Lucy Phillips | 2 August 2011

English local authorities have cut their funding to the voluntary sector by more than £110m this year, according to research published today.

The anti-cuts campaigners False Economy said more than 2,000 charities were having their council funding reduced or withdrawn altogether. The cuts total £110m so far but the group warned that the final figure was likely to be much higher.  

The research, backed by the Trades Union Congress, was based on 265 Freedom of Information requests to councils. It includes funding reductions of 5% or more.

England’s biggest local authority, Birmingham City Council, has cut funding to the largest number of charities at 191.

Voluntary organisations for children and young people have been hit hardest, with 382 experiencing reductions. Some 151 disability charities, 142 elderly care charities and 112 adult care charities are also bearing the brunt of the cuts.

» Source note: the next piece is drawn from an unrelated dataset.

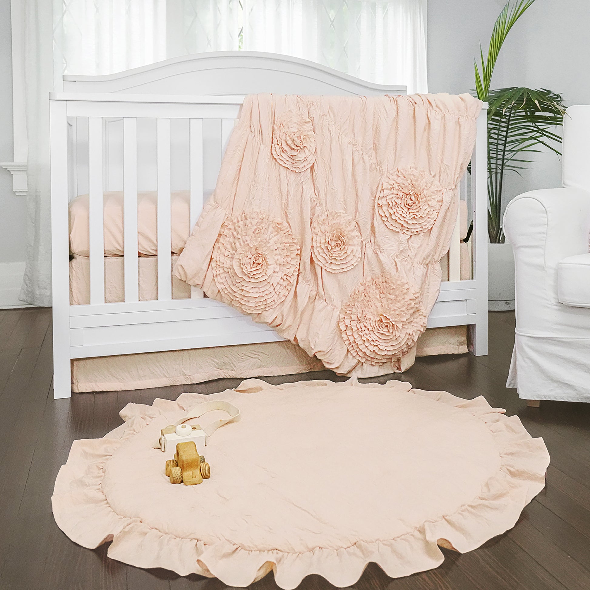 Elevate your little one's room with this soft bedding set featuring 3 lovely, coordinated pieces. The quilt features large hand crafted ruched flowers for a versatile design that will fit any decor. Add a flowery flourish to your home with this super soft bedding set. The solid, textured mini quilt is designed with large hand-crafted ruched fabric flowers, creating a fresh and fun look. This set coordinates perfectly with the ultra-soft fitted sheet and a tailored crib skirt that features split corners for easy attachment around the crib. Perfect for classic, modern, transitional or cottage or themed rooms, the design of this solid 3-piece set is flexible enough to suit any decor style. Easy-care fabric makes upkeep of this bedding set a breeze. Please refer to label for full care instructions.

TUC  general secretary Brendan Barber said: 'These deep cuts to voluntary groups across the UK show that government claims that charities can replace direct services currently provided by central or local government are false. It sounds great, but in practice, the Big Society is looking more and more like a big con.'

False Economy's campaign director Clifford Singer added: 'Ministers talk up localism and say services will be better shaped locally, but the huge front-loaded cuts to councils mean that local decision-making simply gives councils the choice of which vulnerable people they should make suffer for an economic crisis they did nothing to cause.'

But the Local Government Association said councils had no choice but to withdraw funding from the third sector. LGA chair Sir Merrick Cockell said: ‘The severity of cuts to council budgets means savings are having to be made across the board, and, unfortunately, funding to charities, voluntary organisations and community groups is not exempt.

‘Decisions to reduce financial support to the voluntary sector will never be taken lightly and local authorities have rightly carried out full and frank consultations before reducing funding to groups.’

A spokesman from the Department for Communities and Local Government insisted councils had been given a ‘fair and progressive funding settlement’ that protected frontline services and the most vulnerable.

‘Councils have challenging decisions to make around how they prioritise spending but the government is clear that councils must resist any temptation to pass on disproportionate savings to the voluntary sector,’ the spokesman added.